How should safety training and reasoning training balance abstention differently?
This explores a tension the corpus treats as two separate problems wearing the same word: when a model declines to answer for safety reasons (refusing a request) versus when it declines because it doesn't actually know (abstaining instead of hallucinating) — and why training each well requires opposite instincts.
This explores how 'abstention' means two different things depending on whether you're training for safety or for reasoning — and the corpus suggests the two should be tuned in nearly opposite directions. In reasoning training, abstention is a skill you want to *teach more of*: the model should learn to say 'I don't know' rather than fabricate. In safety training, refusal is something you want to make *more precise*, because over-refusal and biased refusal are themselves failures.
The sharpest tool for reasoning-side abstention is the ternary reward in Can three-way rewards fix the accuracy versus abstention problem?. Binary right/wrong rewards quietly punish honesty — a guess that might be right beats an honest 'I don't know,' so models learn to bluff. Giving abstention its own intermediate reward (correct +1, hallucination −1, abstain in between) makes honest non-answering learnable, cutting hallucinations ~29% while keeping accuracy. The lesson: reasoning abstention has to be *rewarded into existence*, because the default gradient discourages it.

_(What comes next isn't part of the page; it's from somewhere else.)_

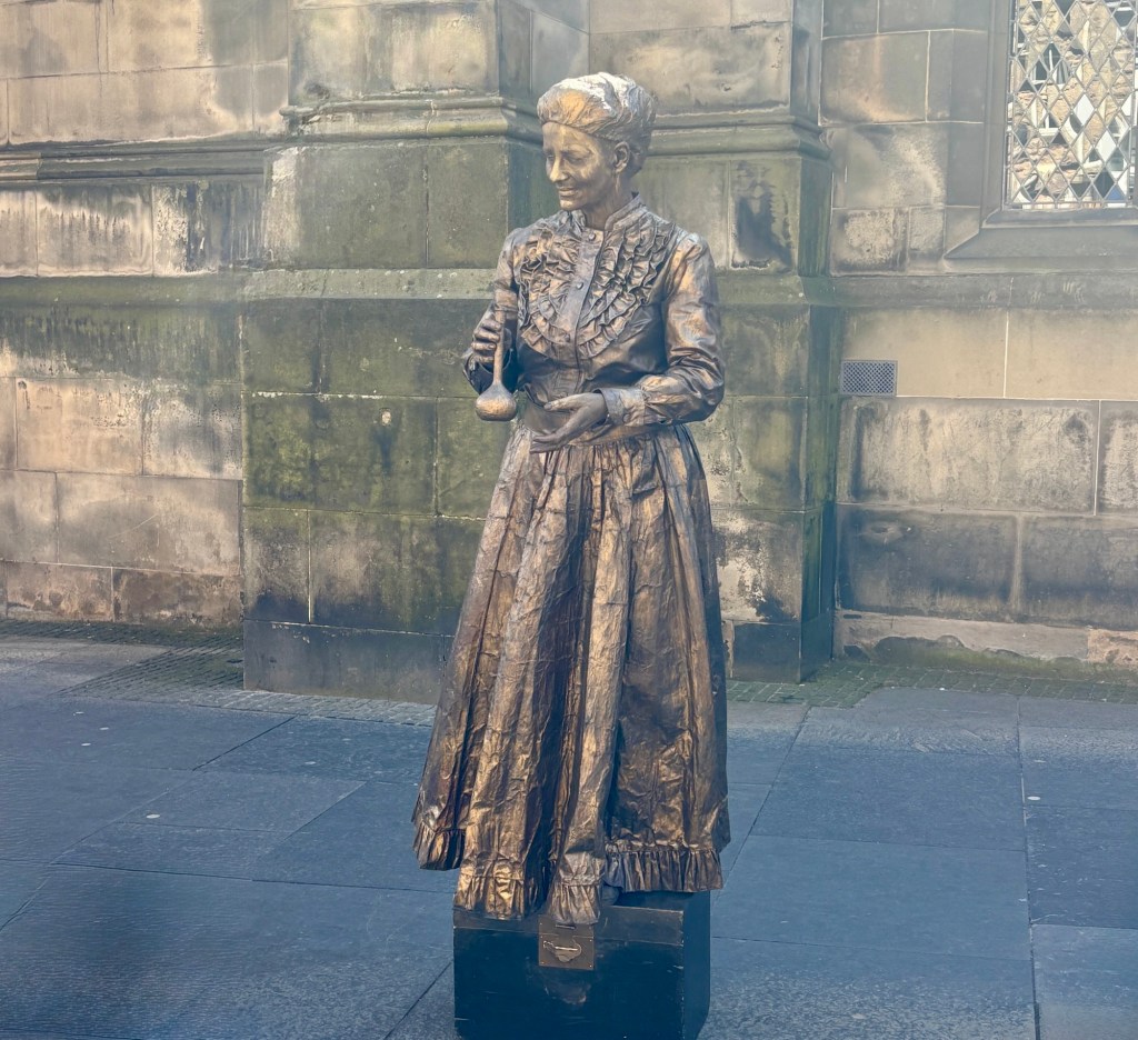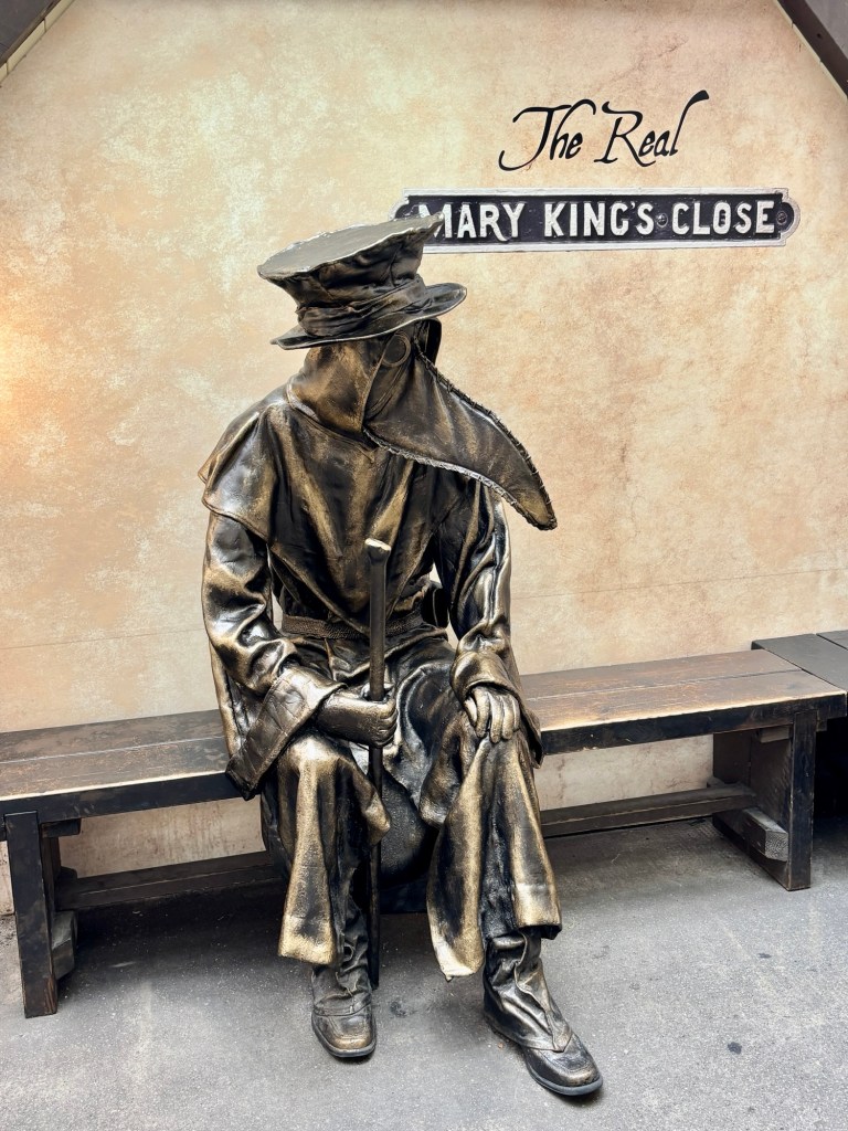 We left the coach and walked a few hundred yards to tour Mary King’s Close – a network of narrow underground alleys and abandoned houses that have been beneath the Royal Mile since the 17th century. Closes were private community streets which were locked at night. The wealthy lived in the top floors where the light could enter their homes. The poorest lived in the dark underground with livestock and open sewers. .

Safety-side refusal has the opposite pathology — there's often too much of it, and it's applied unevenly. Do AI guardrails refuse differently based on who is asking? shows refusal rates shifting based on who appears to be asking — age, gender, perceived ethnicity, even political lean and sports fandom. So a refusal isn't a clean signal of 'this is unsafe'; it's contaminated by sycophancy and demographic noise. And Does safety alignment harm models' ability to roleplay villains? shows the same heavy hand degrading legitimate capability: safety alignment monotonically erodes a model's ability to portray morally complex characters, substituting crude refusal-adjacent behavior for nuance. Here abstention needs *narrowing*, not amplifying.
The reason these can't share one knob is partly architectural. Why does reasoning training help math but hurt medical tasks? locates factual knowledge in lower layers and reasoning adjustment in higher ones — which is why reasoning training that sharpens math can quietly damage knowledge-heavy domains like medicine. An abstention policy tuned for a reasoning benchmark may misfire exactly where knowledge, not reasoning, should govern whether the model speaks. And Does preference optimization harm conversational understanding? shows the broader 'alignment tax': preference optimization rewards confident single-turn answers and suppresses the clarifying questions and hedges that honest abstention depends on — so safety-style preference training can actively erode the reasoning-style honesty you were trying to build.
The under-appreciated takeaway: 'should the model decline?' is the wrong unified question. Reasoning training wants to *increase* honest abstention against a gradient that punishes it; safety training wants to *sharpen and de-bias* refusal that's currently too broad and too socially reactive. Collapse them into one objective and you get a model that refuses the wrong people while still bluffing about the facts.
Sources 5 notes
TruthRL uses three distinct rewards (correct +1, hallucination -1, abstention intermediate) to make abstention learnable. Across four benchmarks, this reduced hallucinations by 28.9% and improved truthfulness by 21.1% compared to binary reward RL.
GPT-3.5 refuses requests at different rates for younger, female, and Asian-American personas, and sycophantically declines to engage with political positions users would disagree with. Sports fandom and other non-political signals also shift refusal sensitivity.
The Moral RolePlay benchmark shows LLM performance drops from 3.21 for moral paragons to 2.62 for villains, with largest degradation between flawed-but-good and egoistic characters. Models fail most on deception and manipulation traits, substituting crude aggression for nuanced malevolence.
Two-phase inference model shows knowledge retrieval operates in lower network layers while reasoning adjustment happens in higher layers. This separation explains why reasoning training improves math but can degrade knowledge-intensive domains like medicine.
RLHF optimizes models for single-turn helpfulness by rewarding confident responses over clarifying questions and understanding checks. This preference alignment systematically reduces grounding acts by 77.5% below human levels, creating an alignment tax where models appear helpful but fail silently in multi-turn contexts.